I’m the  MediateTrix. I’m  a mediator, president of the Family and Divorce Mediation Council of Greater New York, a parent, a spouse, a daughter and a friend.

This blog is going to be hardcore about mediation and responsible conflict resolution.

Why?

Because in so many areas of society we ‘do conflict wrong’.

Media teaches us to be positional, political discourse feeds into that model, celebrity divorces teach us that high conflict is a paradigm to which we should aspire.
And twitter (although I am a contributor) encourages exceedingly brief remarks about complex ideas.

I know my voice is a small one against the cacophony of conflict, but I will join the conversation because I think it is so important that sanity, reasonableness and thoughtfulness are thrown into the mix. And I take that pretty seriously.

Tarty replies, sound bites and ‘quotables’ are media savvy, but complex problems rarely get solved by idioms.

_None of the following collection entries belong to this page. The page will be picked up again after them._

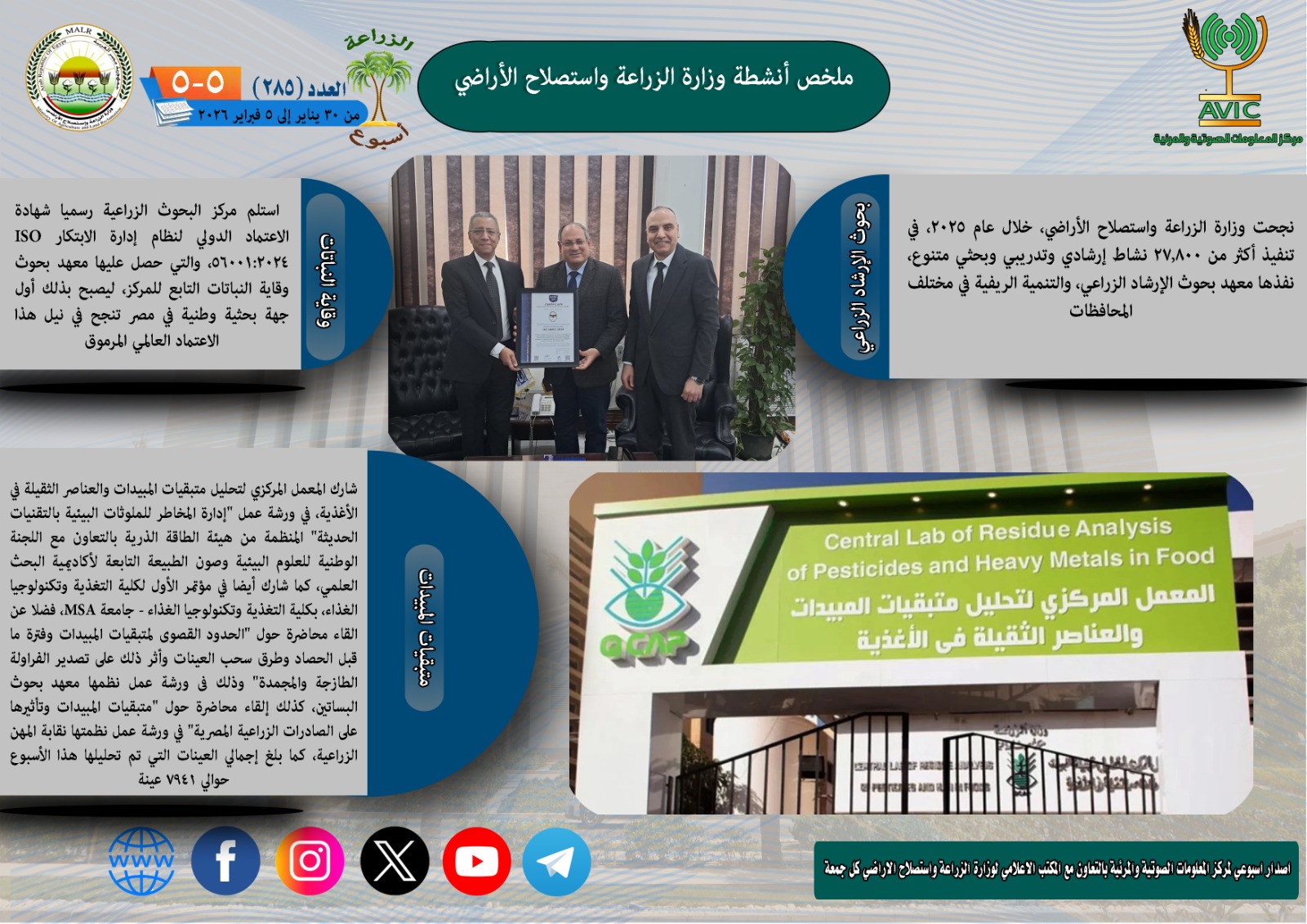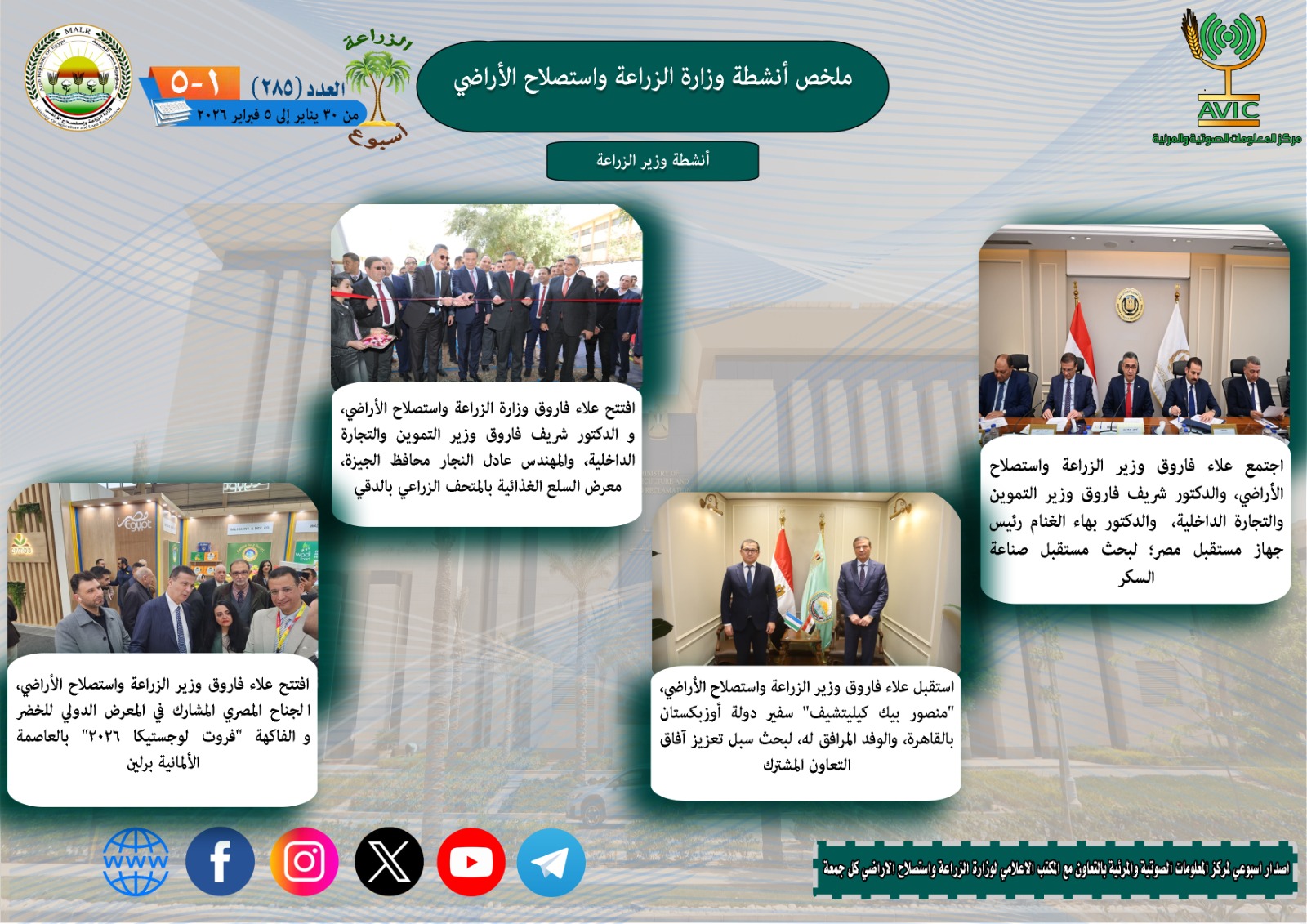 أصدر مركز المعلومات الصوتية والمرئية بوزارة الزراعة واستصلاح الأراضي، "الانفوجراف الاسبوعي" في نسخته رقم 285 حول الحصاد الاسبوعي لأهم أنشطة الوزارة، خلال الاسبوع الماضي في الفترة من 30 يناير وحتى 5 فبراير الجاري، كما أصدر المركز ايضا ملخصا بالفيديو، حول انشطة الوزارة خلال نفس الفترة.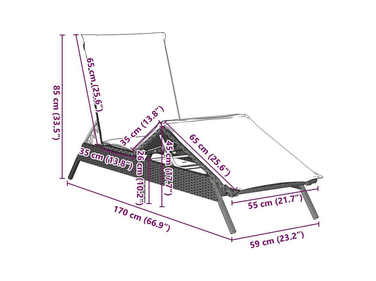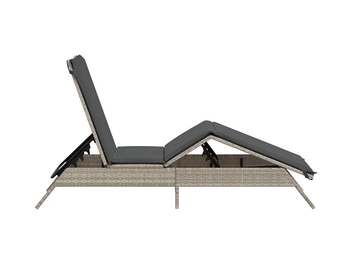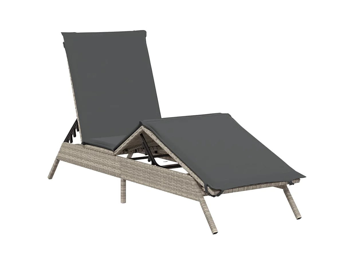 Bain de soleil avec coussin gris 63x200x81 cm résine tressée FR34898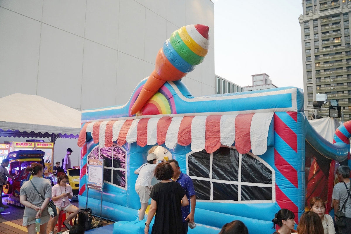買好票後,工作人員就會在手上戴上手環就可以進氣墊區開始玩樂,第一站就是冰淇淋樂園氣墊區

That’s why I’m hardcore about mediation, which is essentially a structured, thoughtful dialogue between people in conflict.

As a society, have done a disservice to families dealing with separation and divorce.

S/He cheated, hire a lawyer, she’s a bad mom, hire a lawyer etc..

This kind of instinctive reaction to turn to the law when a family is in crisis is misguided in many cases. Separation and divorce are family matters that have a legal component, not legal problems that happen to be about a family.
Separation and divorce are about the restructuring of a family-financially, emotionally, economically. Not the subject of a one dimensional lawsuit.

So, my blog will be about how our society deals with conflict, both in the family and non-family realms.

One of my teachers and mentors says that conflict is a magnet that draws people in and doesn’t let them out without thoughtful, intentional intervention.

This blog is my small way to intervene and bring some reality and reason to our collective approach to conflict.